Mr Lewis’s Flash Boys: A Wall Street Revolt paints a damning picture of high-frequency trading. The book sold 130,000 copies in its first week in the US this month.

The reaction to Flash Boys and various investigations into high-frequency trading in the US by the FBI and New York attorney general, Eric Schneiderman, coincided with Virtu’s planned float. It had planned to market the float earlier this month but this is now reported to have been delayed indefinitely; Virtu was unavailable for comment. It is understood that the trader has not withdrawn the paperwork for the float, so it could be restarted when market conditions are more favourable.

Mr Schneiderman has subpoenaed six high-frequency trading firms including Chopper Trading and Tower Research Capital, and sent a letter to Virtu requesting information.

Concerns have been raised over HFT – when dealers trade in extremely high volumes and buy and sell shares in a millisecond using complex algorithms to profit from minute price discrepancies across markets. Mr Lewis, and opponents of the practice, claim the stock market has been “rigged” by tech-savvy insiders using supercomputers and high-speed networks, which allow them to buy stocks milliseconds in advance of investors who had made the original order, pushing up the price.

But supporters of high-speed dealing defend it as a way to introduce more liquidity into a stock market. Madison Avenue-based Virtu said it has “humble beginnings” in the New York Mercantile Exchange, where its founder Vincent “Vinnie” Viola began his career. Mr Viola was chairman of the Nymex between 2001 and 2004; he set up Virtu in 2008.

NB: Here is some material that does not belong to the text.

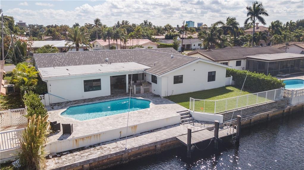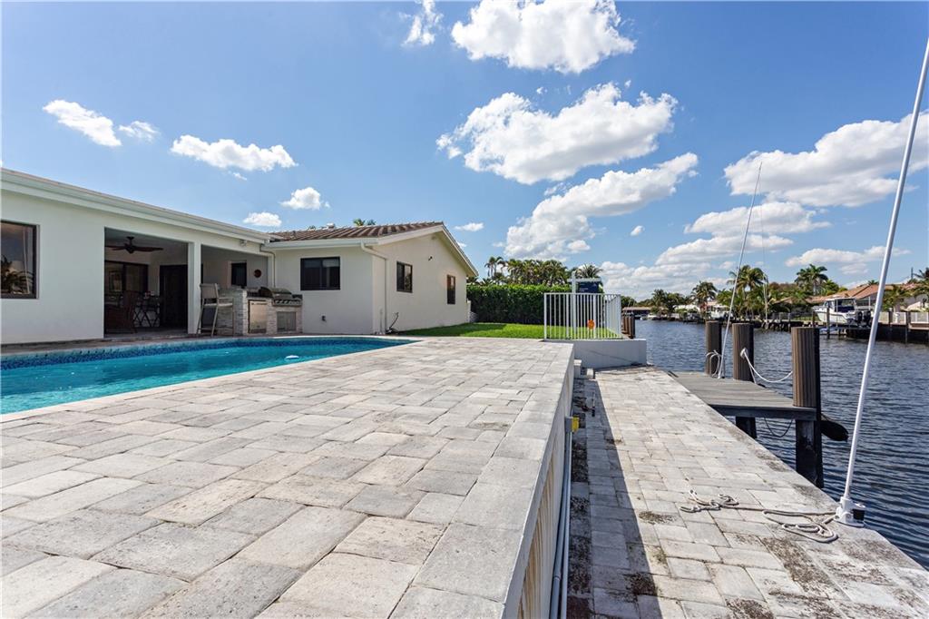 85' Waterfront home completely renovated comprising 4-bedroom + Den, 3-bath & featuring a great open floor plan with wood cabinetry kitchen, top of the line appliances and quartz countertops & Ocean access. Large Master suite with large his and her closets with built-ins, luxury master bathroom with dual vanities, soaker tub, and expansive shower with multiple rain heads. The den is located next to the master suite and it could be used as den or office. The 3rd bath features a Jack and Jill sinks and a French door accessing the pool and covered patio area. The home features an oversized garage and a large laundry room with built-in cabinets and a high-efficiency washer/dryer. The indoor-outdoor flow in this home is amazing for family lifestyle, entertainment or boating. Motivated Sellers!

Virtu’s move comes after the European Union set out plans for stricter regulation of high-frequency trading earlier this week. Financial services commissioner Michel Barnier said the practice had benefits but “we need to make sure that it doesn’t cause instability”.

The new EU rules will force traders to have their algorithms tested and be subject to regulation, and the minimum increments in prices at which shares trade from becoming too small to prevent a race to the bottom, where trading platforms offer the smallest tick sizes to attract high-speed traders. Marketmakers who quote buy and sell prices for shares will also be obliged to remain in the market for a minimum period to ensure liquidity and prevent volatility.

However, proposals for a “minimum resting period” originally demanded by the EU – which would have required a share order to stay on an order book for 500 milliseconds and effectively kill off HFT – were dropped last year.